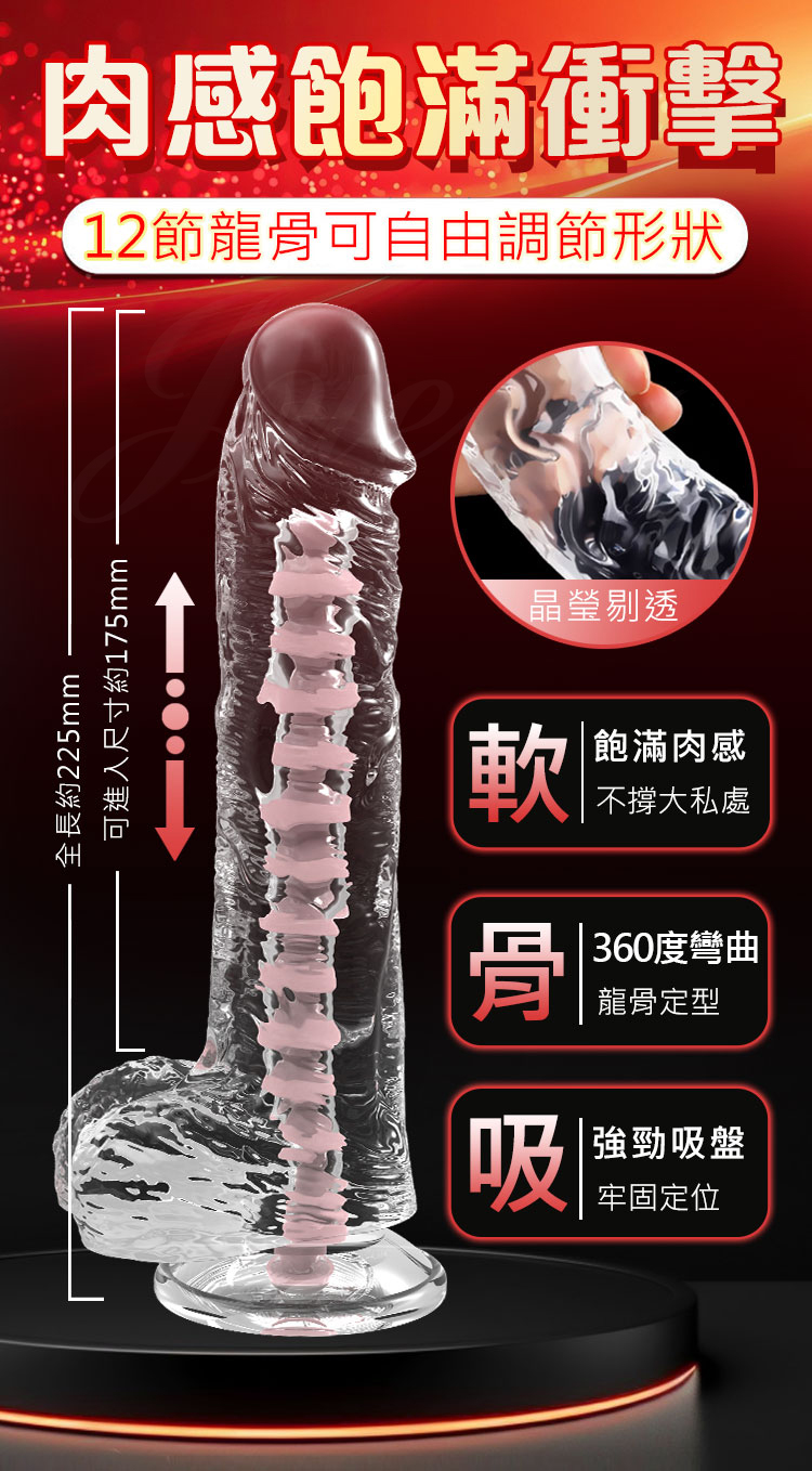 龍骨任意塑造形態、想彎曲想360度旋轉角度都可以。粗大凸起青筋,強力大吸盤,可強力吸附在光滑表面。
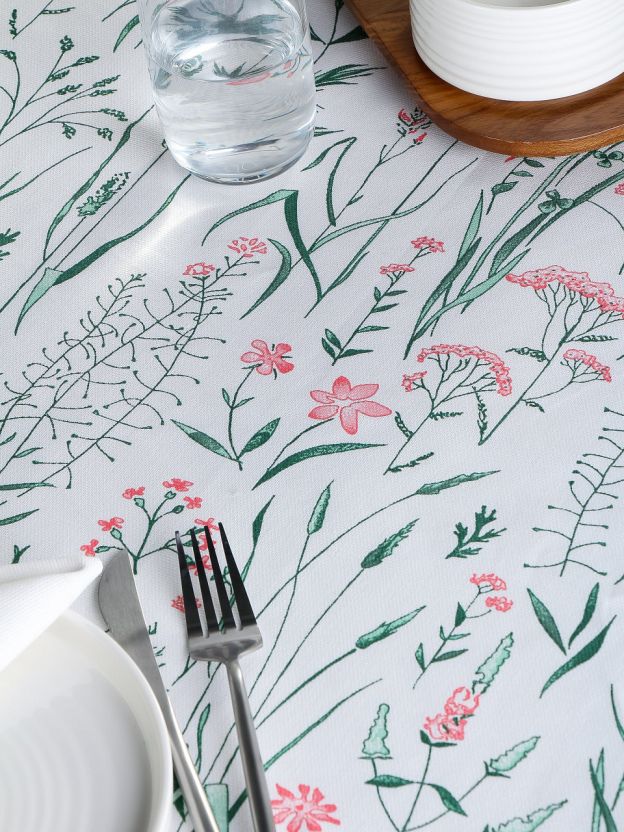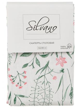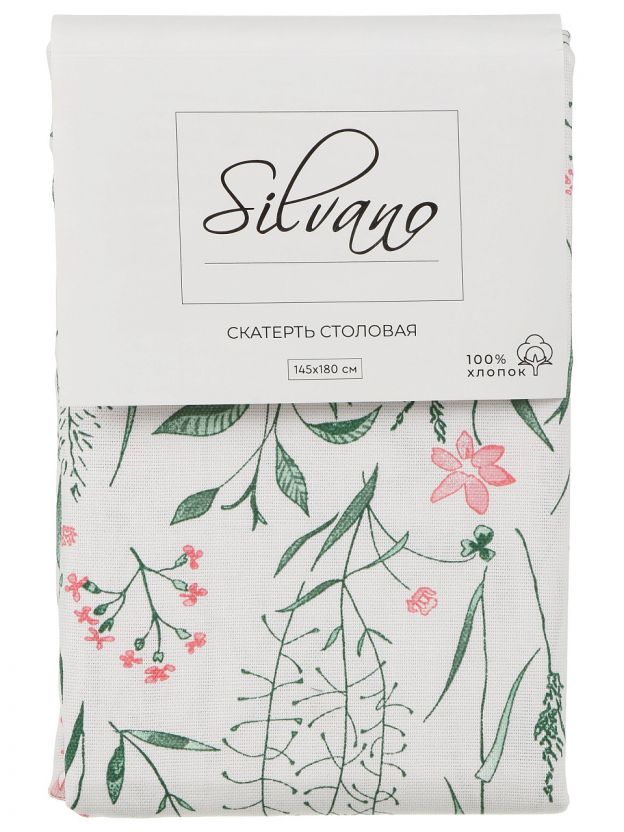 Скатерть 145х180 см Silvano «Весна» — 100% хлопок, свежий зеленый цвет и цветочный принт. Идеальный выбор для уютной кухни или дачи, легко стирается и долго сохраняет вид.
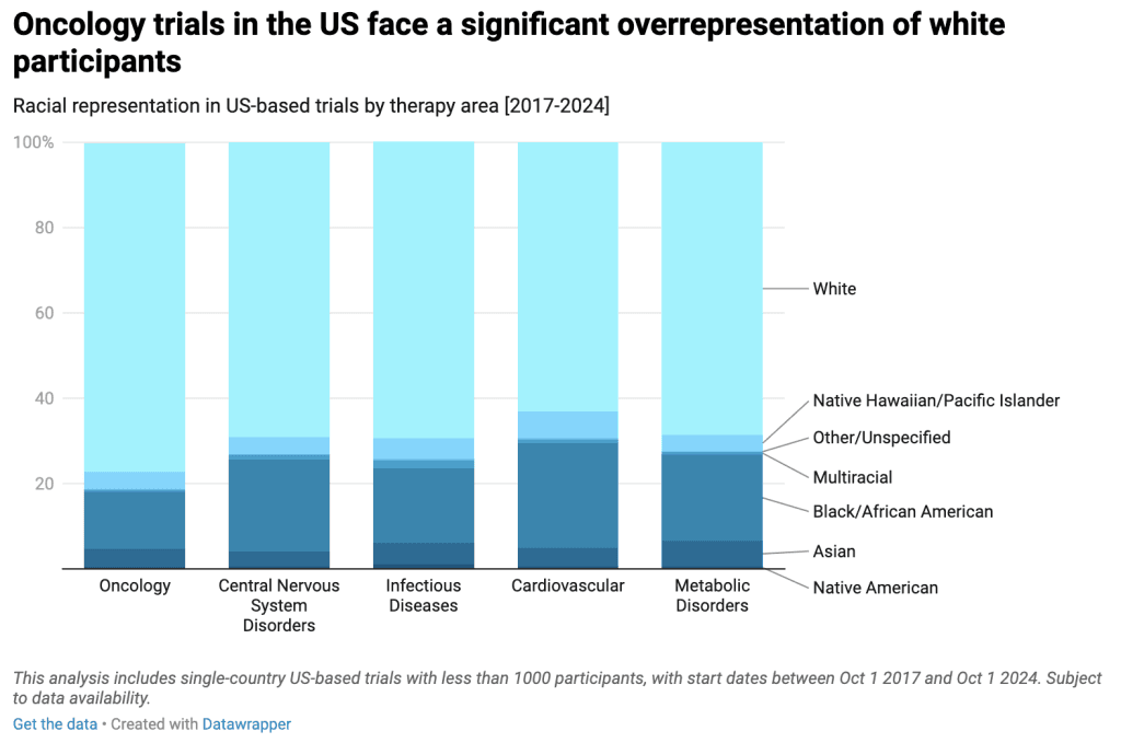 Moreover, examining the data by five key therapy areas, it is clear that a lack of diversity continues to plague US oncology trials, where 77% of participants enrolled in studies from 2017-2024 identified as White.
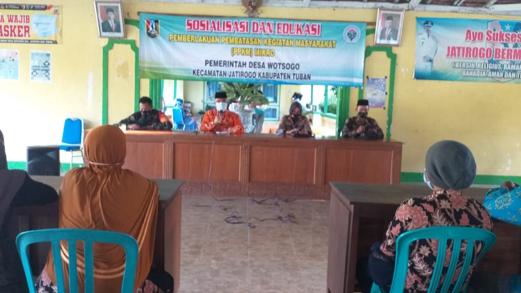 wacananews.com – PolresTubanPoldaJatim Dalam upaya penanggulangan wabah covid-19, bersama Forkopimka Kapolsek Jatirogo AKP Elis Suendayati, S.H., menghadiri sosialisasi dan edukasi PPKM Mikro bertempat di Balai Desa Wotsogo Kec. Jatirogo Kab. Tuban. Minggu sore, (9/5/2021)
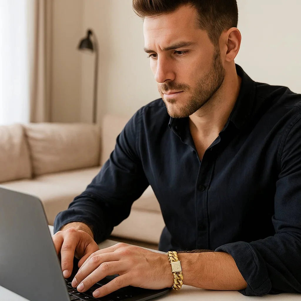 Oppdag det perfekte tilbehøret med vårt menns Cuban Link-armbånd, designet for de som verdsetter sofistikering og kvalitet. Dette armbåndet kombinerer et klassisk design med moderne håndverk, og tilbyr en luksuriøs følelse og en komfortabel passform, noe som gjør det til et essensielt uttrykk for stil og selvtillit i enhver manns samling.
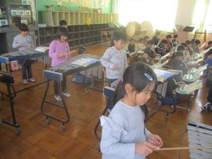 音楽室へ行き,「きらきらぼし」を鍵盤ハーモニカと鉄琴で合わせて演奏しました。「鉄琴の音がきれい!」と喜んでいました。
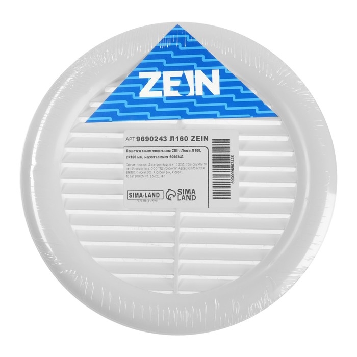 Решетка вентиляционная ZEIN Люкс Л160, d=160 мм, с сеткой, неразъемная
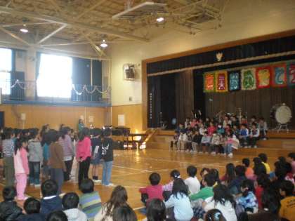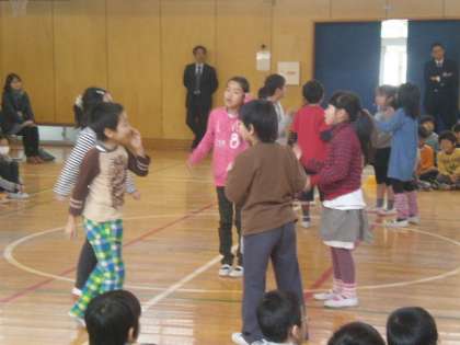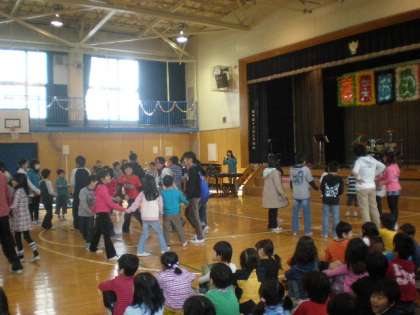 6年生も輪の中に入ってもらって一緒に歌い、踊りました。
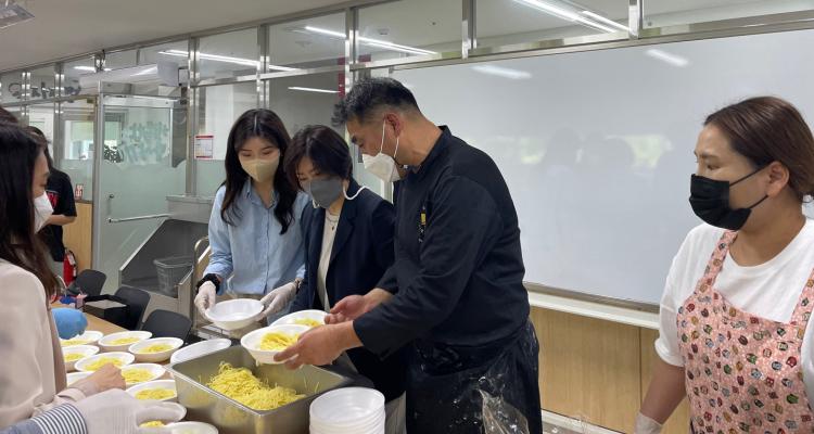 °°Àº ³¯ ¿ÀÀü 11½Ã¿¡´Â Çູµå¸²Á¾ÇÕ»çȸº¹Áö°üÀ» ¹æ¹®, ¿Ü½ÄÁ¶¸®Çаú À̹«Çü ±³¼ö¿Í ÇÏ¿ÀÃ÷ »çȸºÀ»ç´Ü ÇлýµéÀÌ Á÷Á¢ ÀÚÀå¸é°ú ±ñdz±â¸¦ ¸¸µé¾î, ±â°ü ÁÖº¯ ¾î¸£½Åµé¿¡°Ô ½Ä»ç¸¦ Á¦°øÇÏ´Â Àç´É³ª´® ±âºÎºÀ»ç Ȱµ¿À» ¹ú¿´´Ù.

_____

Could you copy every record exactly, without the pictures?

(Answer to this task):
 龍骨任意塑造形態、想彎曲想360度旋轉角度都可以。粗大凸起青筋,強力大吸盤,可強力吸附在光滑表面。
 Скатерть 145х180 см Silvano «Весна» — 100% хлопок, свежий зеленый цвет и цветочный принт. Идеальный выбор для уютной кухни или дачи, легко стирается и долго сохраняет вид.
 Moreover, examining the data by five key therapy areas, it is clear that a lack of diversity continues to plague US oncology trials, where 77% of participants enrolled in studies from 2017-2024 identified as White.
 wacananews.com – PolresTubanPoldaJatim Dalam upaya penanggulangan wabah covid-19, bersama Forkopimka Kapolsek Jatirogo AKP Elis Suendayati, S.H., menghadiri sosialisasi dan edukasi PPKM Mikro bertempat di Balai Desa Wotsogo Kec. Jatirogo Kab. Tuban. Minggu sore, (9/5/2021)
 Oppdag det perfekte tilbehøret med vårt menns Cuban Link-armbånd, designet for de som verdsetter sofistikering og kvalitet. Dette armbåndet kombinerer et klassisk design med moderne håndverk, og tilbyr en luksuriøs følelse og en komfortabel passform, noe som gjør det til et essensielt uttrykk for stil og selvtillit i enhver manns samling.
 音楽室へ行き,「きらきらぼし」を鍵盤ハーモニカと鉄琴で合わせて演奏しました。「鉄琴の音がきれい!」と喜んでいました。
 Решетка вентиляционная ZEIN Люкс Л160, d=160 мм, с сеткой, неразъемная
 6年生も輪の中に入ってもらって一緒に歌い、踊りました。
 °°Àº ³¯ ¿ÀÀü 11½Ã¿¡´Â Çູµå¸²Á¾ÇÕ»çȸº¹Áö°üÀ» ¹æ¹®, ¿Ü½ÄÁ¶¸®Çаú À̹«Çü ±³¼ö¿Í ÇÏ¿ÀÃ÷ »çȸºÀ»ç´Ü ÇлýµéÀÌ Á÷Á¢ ÀÚÀå¸é°ú ±ñdz±â¸¦ ¸¸µé¾î, ±â°ü ÁÖº¯ ¾î¸£½Åµé¿¡°Ô ½Ä»ç¸¦ Á¦°øÇÏ´Â Àç´É³ª´® ±âºÎºÀ»ç Ȱµ¿À» ¹ú¿´´Ù.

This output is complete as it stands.